So that was my first question yesterday during our workshop- what is this document supposed to DO?
I did feel as though I got the most out of this workshop, only because by the end I had a much clearer idea of what the document was supposed to do and how I could accomplish those goals. The other workshops have been helpful, but the notes were minor, and with this workshop I really feel as though I've learned the most.
So, here are the general tips:
- As with the research statement, have a "look" that binds materials together without being cutesy
- You will also have to have this document for tenure, so become familiar with form
- 1-2 pages
- Stress any assignment that improves student writing, this is a concern regardless of type of job
- Don't list classes taught, that's for the CV and the letter (one professor suggested thinking of the letter about "them" and the teaching philosophy about "you")

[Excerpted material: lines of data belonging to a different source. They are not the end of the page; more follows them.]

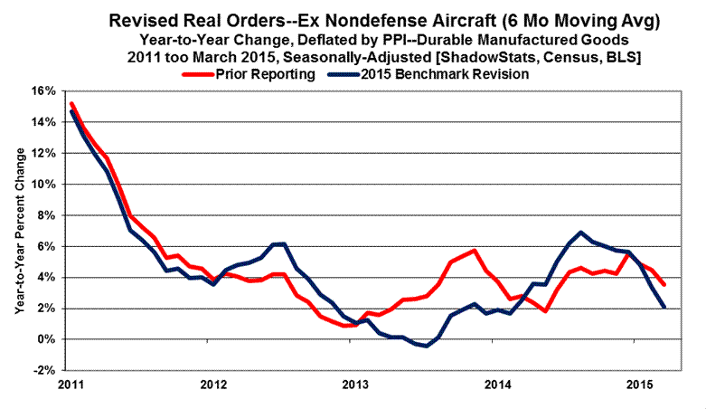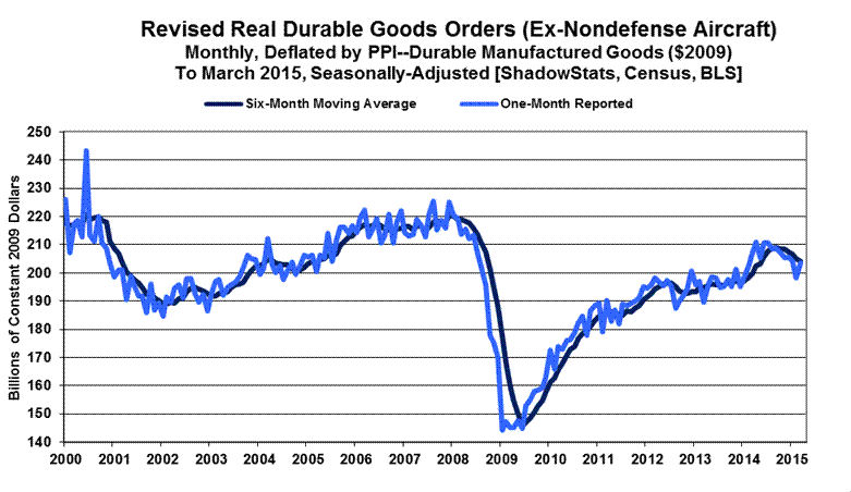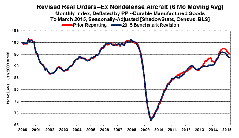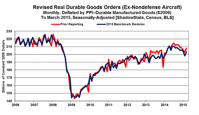 Further detail on this benchmarking will follow with the regular ShadowStats coverage of the headline April 2015 new orders for durable goods, scheduled for release on May 26th. There are unusual patterns in revisions to some of the major durable goods categories and to some non-durable goods numbers, also released, which may be indicative of some surveying and definitional issues responsible for some unusually large, revised jumps in what otherwise should have been reasonably-stable categories.
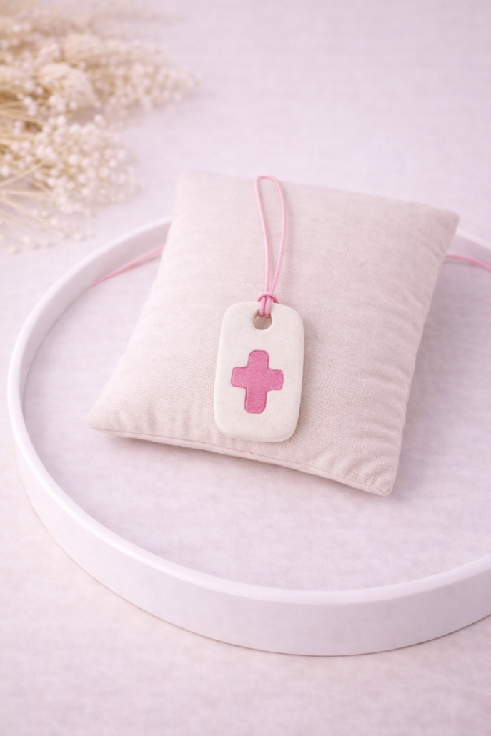 Κεραμικό μαρτυρικό βάπτισης σε minimal αισθητική, με ορθογώνιο κεραμικό στοιχείο και ροζ σταυρό. Συνοδεύεται από ροζ κορδόνι για εύκολη τοποθέτηση.
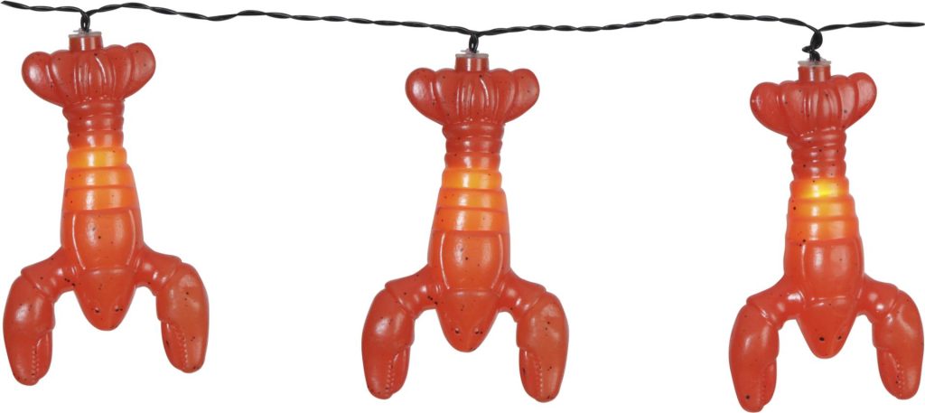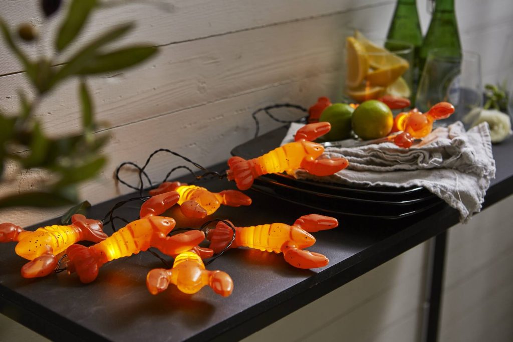 Paristokäyttöinen sekä sisä- että ulkokäyttöön sopiva valosarja, jossa on koristeena 8 rapua lämpimän valkoisilla LED-valoilla. Musta kaapeli.
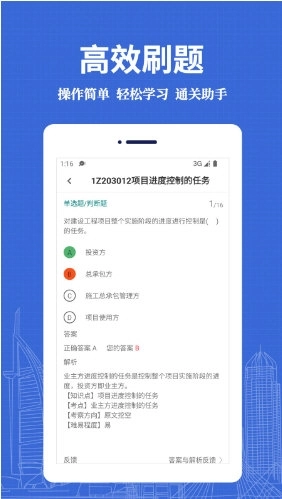 一级建造师备考宝典是专为建筑行业执业资格考试设计的移动学习工具,整合了工程经济、项目管理、法规实务等全科目内容。这款应用通过智能算法追踪用户学习轨迹,动态推送适配个人能力的训练题目,帮助考生利用通勤、午休等碎片时间高效提升。软件内嵌五万余道真题资源,涵盖近十年考试真题及高频模拟题,每道题目均配备名师视频拆解答题脉络。针对实务科目中的难点,特别设置《建筑》《市政》《机电》等专项题库,配合错题重练系统强化薄弱环节。移动端特有的学习数据可视化功能,实时生成正确率曲线与知识点掌握图谱,让备考进度清晰可控。
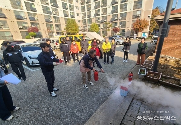 청학전세임대아파트 관리사무소, 경로당과 합동으로 진행한 이번 모의 훈련은 특히 ‘어르신 화재대피 및 소화훈련’을 통해 고령층이 실제 상황에서 즉각 활용할 수 있는 실질적 교육 중심으로 운영해 큰 호응을 얻었다.
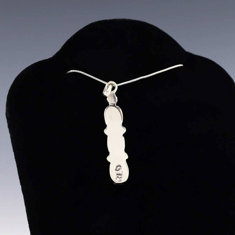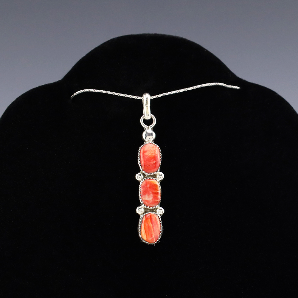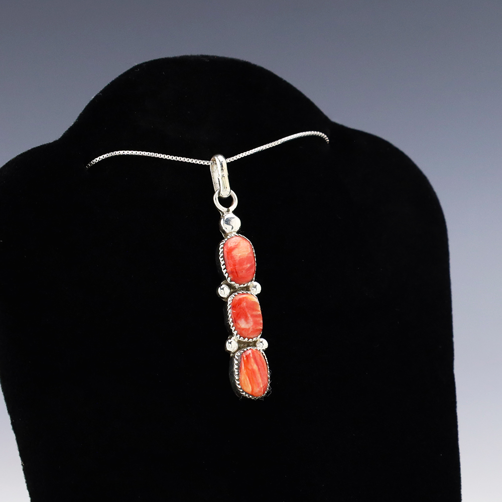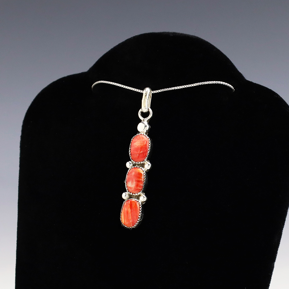 Zuni artist Diane Lonjose hand made this beautiful pendant. Made out of sterling silver and Spiny Oyster. The components are all hand fabricated, and the stones are all natural. Diane comes from a family of Zuni jewelers. She is the daughter of Alice and Duane Quam, and grandchild of Doris and Wayne Ondelacy. Weighs 4 grams. Signed (Chain not included)
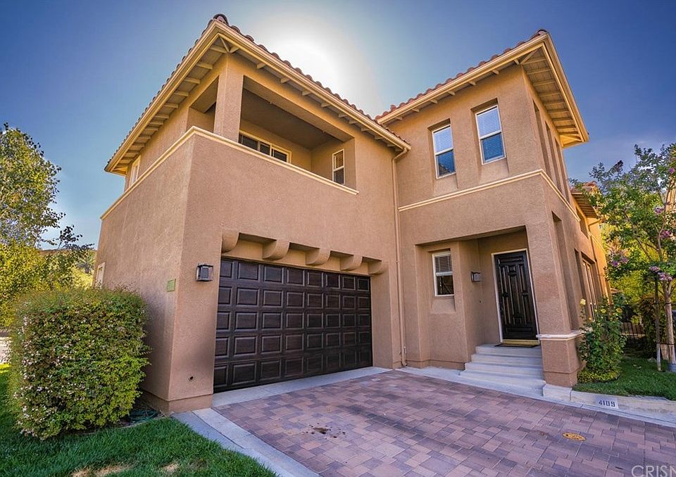 Welcome to Mira Monte, a gated community nestled in the hills of Calabasas. This beautiful 4 bed/ 3.5 bath home, includes access to the community pool and spa. This sophisticated 3,324 square feet home comes equipped with solar panels and it features beautiful hardwood flooring throughout lower level and open-floor plan living/dining rooms. Main living room has a gorgeous dual-sided fireplace that also faced the family room on the other side, large windows for natural lighting. There is a family room right next to the kitchen which makes it perfect for entertaining. Upstairs you will find bonus space, perfect for another family room and loft area, great for an office. All bedrooms are upstairs, including the beautiful master suite with master bathroom, great for relaxation in the spa tub. Take a step outside to the patio and gather around the outdoor fireplace. The bar and BBQ are perfect for year-round entertaining surrounded by a lush green landscape. Directly across from the home you will find the neighborhood park with big grassy area. Easy access to canyons/freeway, nearby neighborhood restaurants, and shopping. Calabasas/Agoura community center is just around the bend, plus city owned parks, and the Santa Monica mountains w/ hiking and bike trails. Award winning Las Virgenes school district.

- Ideally your philosophy should be an integration of you as scholar and instructor
- Show awareness of pedagogical buzzwords, but USE them, don't just dump them in. Show through examples that you know what these look like in the classroom
- Address both literature and writing- this may differ from application to application
- Not the document to be humble. Won't come off as arrogance, will come off as competence.
- Convey enthusiasm. If you can get the hiring committee member excited about an assignment/syllabus/etc. that's what you want.

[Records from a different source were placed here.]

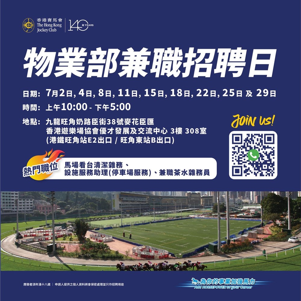 【兼職】recruit4@hkjc.org.hk、 6110 5055(WhatsApp)
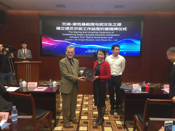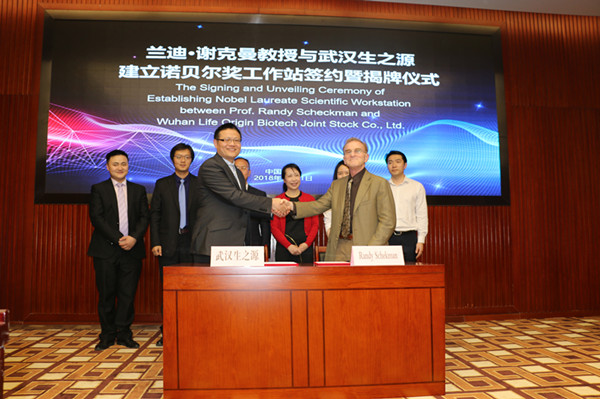 2018年3月31日,武漢生之源生物科技股份有限公司與2013年諾貝爾生理學(xué)或醫(yī)學(xué)獎得主、美國國家科學(xué)院院士、加州大學(xué)伯克利分校蘭迪•謝克曼教授在武漢東湖新技術(shù)開發(fā)區(qū)公眾服務(wù)中心4號樓新聞發(fā)布廳舉行簽約儀式,共建諾貝爾獎工作站。本次合作,蘭迪•謝克曼教授將擔(dān)任生之源首席學(xué)術(shù)顧問,為生之源提供技術(shù)指導(dǎo),雙方將圍繞“囊泡診斷研究與產(chǎn)業(yè)化”相關(guān)課題邀請其他單位共同申請國家重大科研課題,并共同完成課題研究。
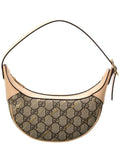 Elevate your style with the Gucci Ophidia Mini GG Supreme Canvas & Leather Shoulder Bag. This luxurious handbag is a statement piece that exudes Italian luxury redefined. Made in Italy with horsebit striped GG Supreme canvas and light pink leather, this bag features light fine gold hardware for a touch of elegance. The interior is lined with taffeta and includes card slots for easy organization. Measuring 8 inches wide by 6 inches high and 2 inches deep, this bag is the perfect size for carrying your essentials. The adjustable shoulder strap has a 6 inch drop for customizable comfort. With a zipper closure, your belongings will stay secure while you're on the go. Please note that all measurements are approximate and slight variations may occur. Rest assured that our products are genuine, sourced from trusted independent suppliers. Add this Gucci shoulder bag to your collection for a truly covetable accessory.
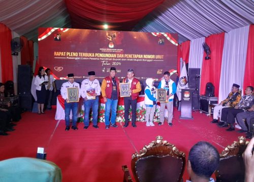 BANGGAI— Komisi Pemilihan Umum (KPU) Kabupaten Banggai menggelar sidang pleno terbuka pengundian dan penetapan nomor urut pasangan Calon Bupati dan Wakil Bupati Banggai pada pemilihan serentak Tahun 2024 di kantor SELENGKAPNYA
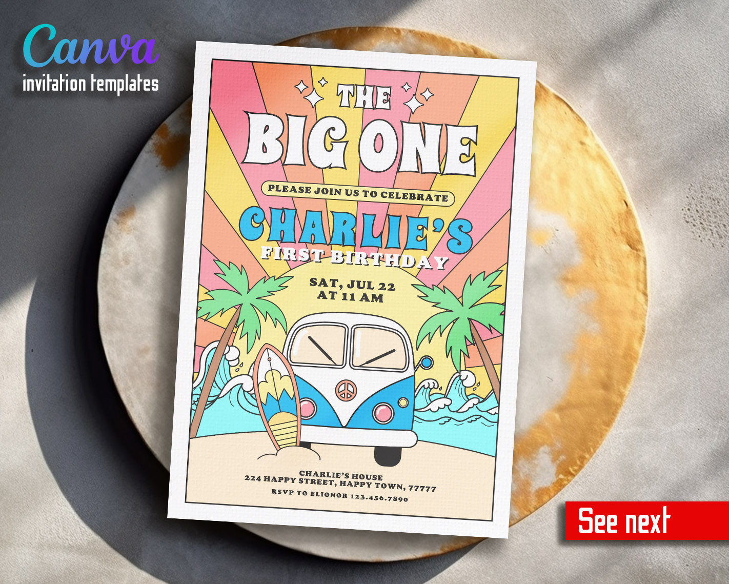 Related Tags: 1st party invite, surfing Birthday, surfvan Birthday, surfvan invitation, first birthday, big one invite, Groovy invitation, Groovy one, Groovy Party, Groovy Theme bday, Hippie Invitation, printable editable, Retro Birthday

- Start with your assignments. Identify assignments you really like, or that are successful
- Focus on what you do that's innovative
- Have a clear "through line"
- Explain "This assignment does X..."
- Then use this concrete example to articulate what's important to me as a teacher (engagement, connections, etc.)
- Connect these examples to audience. We were also told to stress that we're a diverse university with a large hispanic, native, first generation population and this was a bonus.
- The concrete examples should exemplify the overarching theory that connects our teaching
- 1st paragraph: great connection between skills and content, build on this.
- I have a lot of teaching experience, I need to highlight that more
- Stress my ENGL 220: Fairy Tales and Folklore course because I chose the topic and designed from scratch
- Rephrase Pedagogy to Integration or Scaffolding
- Mention the Twitter/Facebook classwork I do because it will appear "new" to hiring committees and cool
The guidelines we were given for the hard copy portfolio was:
- 8-10 pages
- stress strengths
- a syllabus or two
- a good assignment
- class handouts/lecture
- mid semester evals
Next week we're off because of Fall Break. The week after is a revision day, a chance to look at any documents we've done so far and revised.
The teaching philosophy is certainly the document that I need to revise the most. But I also think it's the one that will prove the most rewarding revision wise. I plan on revising my teaching philosophy on top of the current draft.